Here’s how I see this:
Under current law, the rich can put their truly speculative investments, or shares and options on their own companies (as to which they have more control over subsequent appreciation than you and I have over the shares in our IRAs) into a Roth IRA.
Mitt Romney did this with parts of the companies Bain Capital acquired -— the “spinoff” -— and his IRA is now over $100 million. Peter Theil did it with Paypal shares and his IRA is now over $5 billion.
You and I (assuming you aren’t as rich as Mitt Romney or Peter Thiel) aren’t ever getting into that club.

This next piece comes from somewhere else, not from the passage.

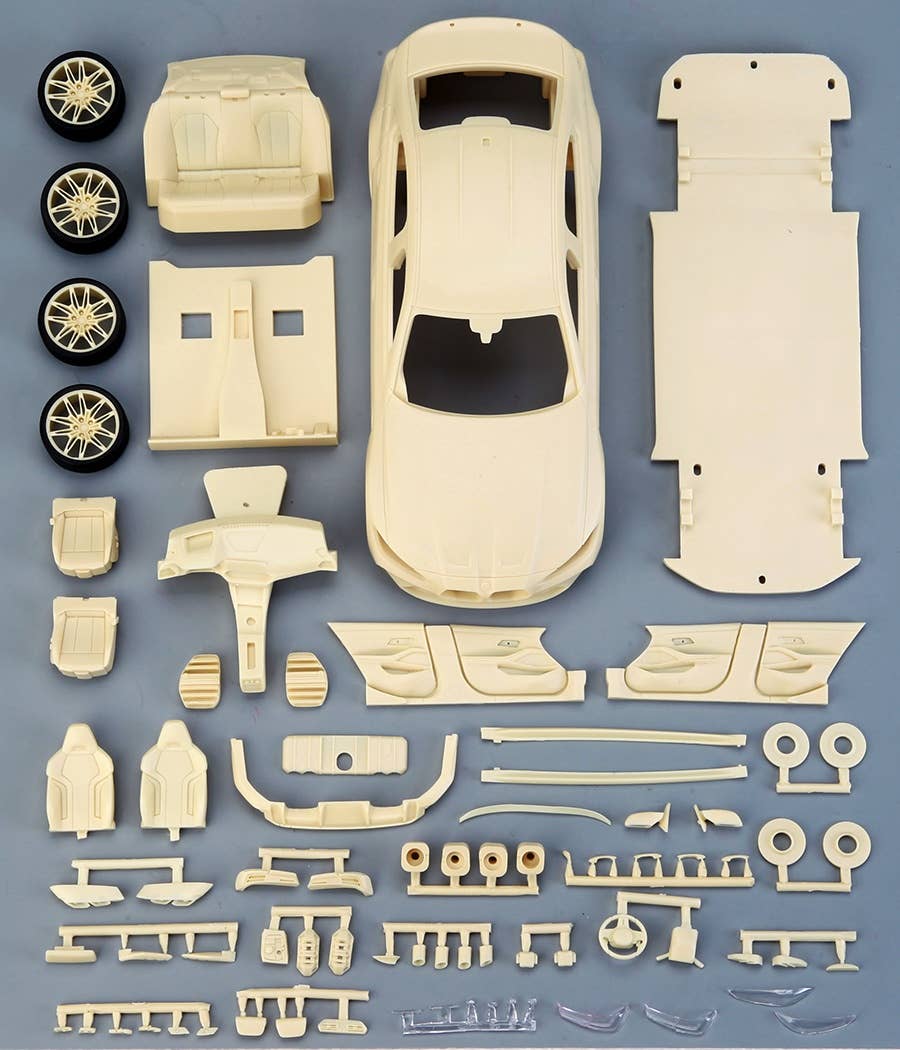 This is a car model kit assembled from parts made of resin, white metal, photo-etched metal and possibly other materials.

Libertarians should not support one set of rules for the uber wealthy and another set for the rest of us. The “private placement” exception is a rule that allows self-dealing, something which I can never do in my IRA. For example, I cannot have my self-directed IRA purchase any property from me or any of my relatives, regardless of the price. It is a prohibited transaction that comes with serious penalties if you try it.
But Mitt could have his Roth IRA buy his spinoffs, and Theil could have his Roth IRA buy shares in the company he founded.
So the Dems get to virtue signal but watch as the final bill, if any actually passes, eliminates most of the described changes or adds new exception that allow the uber wealthy to continue doing what they have always been doing.
Looking like us peons with only a couple of Mill need not worry.
Ha Ha
what about contribution limits?
Are you saying that moving a regular IRA to a Roth IRA is now verboten?
Thanks for the clarifications.
I think that there’s another equally valid (small-l) libertarian perspective.
The “rule” that requires an investor to be “accredited” in order to invest in private placements was ostensibly created to protect the unsophisticated rubes from exploitation. But why accept that? The other way to ‘fix’ this would be to remove the requirement for accreditation, rather than ban the use of private placements.
Anyway, the bar is pretty darn low. Anyone with a net worth of $1MM (excluding his private residence — why?) meets the bar. So does anyone making 200K a year for 3 years running (that’s gross, net of taxes. Again, why?)
Of course, the real problem is that marginal tax rates are simply so high that people are working around the edges, trying to shield at least some of their hard-earned income from the tax man.